Re: [HACKERS] [PROPOSAL] VACUUM Progress Checker.

2015-07-01 Thread Rahila Syed
Hello,

Thank you for suggestions.

Yes, I suggest just a single column on pg_stat_activity called pct_complete

Reporting remaining time also can be crucial to make decisions regarding
continuing or aborting VACUUM.
The same has been suggested  in  the thread below,

http://www.postgresql.org/message-id/13072.1284826...@sss.pgh.pa.us

trace_completion_interval = 5s (default)

Every interval, we report the current % complete for any operation that
supports it.
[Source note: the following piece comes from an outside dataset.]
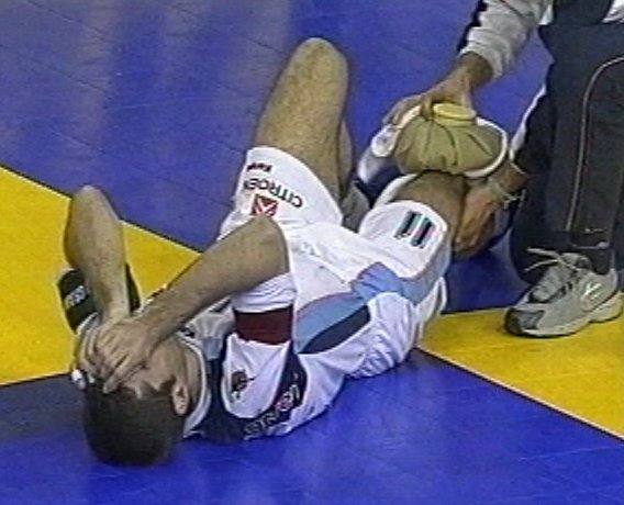 Es passierte in den Schlussminuten des Krimis zwischen Slowenien und Serbien & Montenegro. Beim Torwurf aus der Bewegung heraus, bringt ein gemeiner Stoß Pungartnik aus dem Gleichgewicht. Übeltäter ist Danijel Andjelkovic. Der Wahl-Kieler verkantet das Bein und bleibt mit schmerzverzerrtem Gesicht an Rande der Bande liegen.

We just show NULL if the current operation has not reported
anything or never will.

We do this for VACUUM first, then we can begin adding other operations as
we work out how (for that operation).

Thank you for explaining. This design seems good to me except, adding more
than one columns(percent_complete, remaining_time) if required to
pg_stat_activity can be less user intuitive than having a separate view for
VACUUM.

-Rahila Syed



















On Tue, Jun 30, 2015 at 2:02 PM, Simon Riggs si...@2ndquadrant.com wrote:

 On 30 June 2015 at 08:52, Pavel Stehule pavel.steh...@gmail.com wrote:


 I though about the possibilities of progress visualization - and one
 possibility is one or two special column in pg_stat_activity table - this
 info can be interesting for VACUUM started by autovacuum too.


 Yes, I suggest just a single column on pg_stat_activity called pct_complete

 trace_completion_interval = 5s (default)

 Every interval, we report the current % complete for any operation that
 supports it. We just show NULL if the current operation has not reported
 anything or never will.

 We do this for VACUUM first, then we can begin adding other operations as
 we work out how (for that operation).

 --
 Simon Riggshttp://www.2ndQuadrant.com/
 http://www.2ndquadrant.com/
 PostgreSQL Development, 24x7 Support, Remote DBA, Training  Services



Re: [HACKERS] [PROPOSAL] VACUUM Progress Checker.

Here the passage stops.